Copy all lines below exactly as written. Leave pictures out.

Provided data:
--

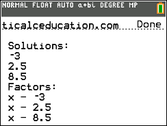 Solves and factors second degree polynomials given the input of it's coefficients. Change your [mode] to a+b𝒾 to view nonreal answers.
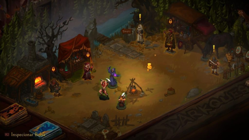 Mesmo com mapas visualmente lineares, há atalhos curtos e portões que levam a pequenas recompensas: moedas extras para o seu bolso, salas secundárias e oportunidades para melhorar seus heróis no acampamento antes da próxima incursão. Portanto, tudo acontece na mesma tela, sem transições, quase como explorar um tabuleiro físico.
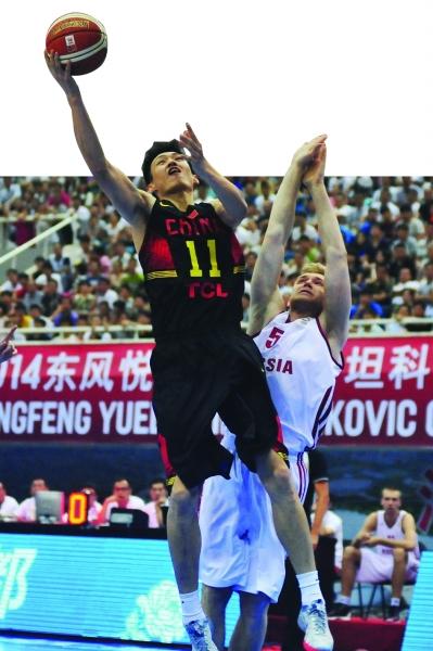 周鹏突破上篮。 昨天斯杯展开第二轮较量。凭借李晓旭最后6.3秒的三分球,中国男篮以62-60战胜俄罗斯男篮,夺得本届斯杯两连胜。不过,与第一场相比,男篮内线暴露出的问题,让人忧心忡忡。
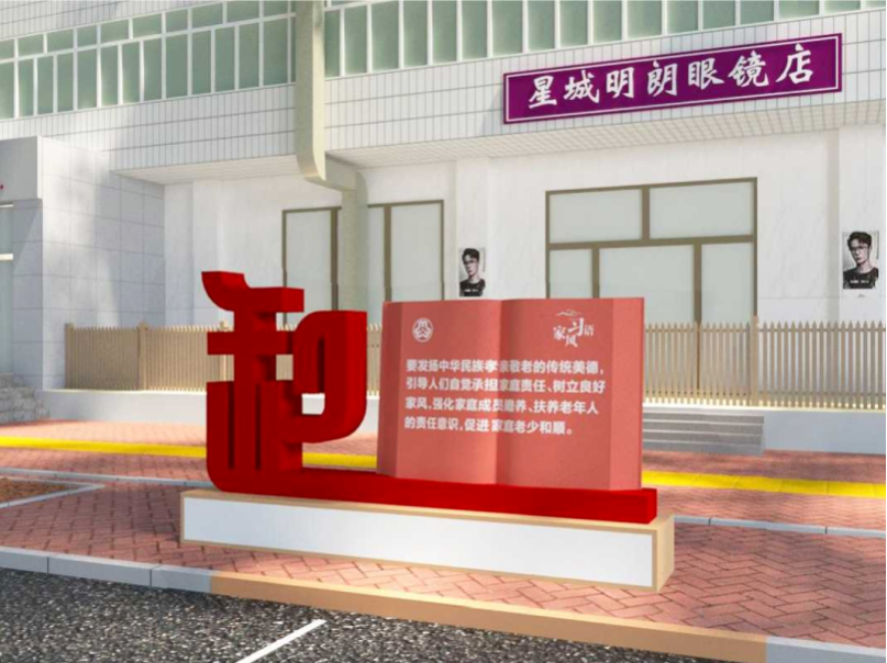 通过在灯箱上印刻名人名言及家训,以字和画的形式传承文化家风、家训,助力社区精神文明建设,提高和谐社区、和谐家庭幸福感,打造文化底蕴一条街。

--

Solution to the problem:
 Solves and factors second degree polynomials given the input of it's coefficients. Change your [mode] to a+b𝒾 to view nonreal answers.
 Mesmo com mapas visualmente lineares, há atalhos curtos e portões que levam a pequenas recompensas: moedas extras para o seu bolso, salas secundárias e oportunidades para melhorar seus heróis no acampamento antes da próxima incursão. Portanto, tudo acontece na mesma tela, sem transições, quase como explorar um tabuleiro físico.
 周鹏突破上篮。 昨天斯杯展开第二轮较量。凭借李晓旭最后6.3秒的三分球,中国男篮以62-60战胜俄罗斯男篮,夺得本届斯杯两连胜。不过,与第一场相比,男篮内线暴露出的问题,让人忧心忡忡。
 通过在灯箱上印刻名人名言及家训,以字和画的形式传承文化家风、家训,助力社区精神文明建设,提高和谐社区、和谐家庭幸福感,打造文化底蕴一条街。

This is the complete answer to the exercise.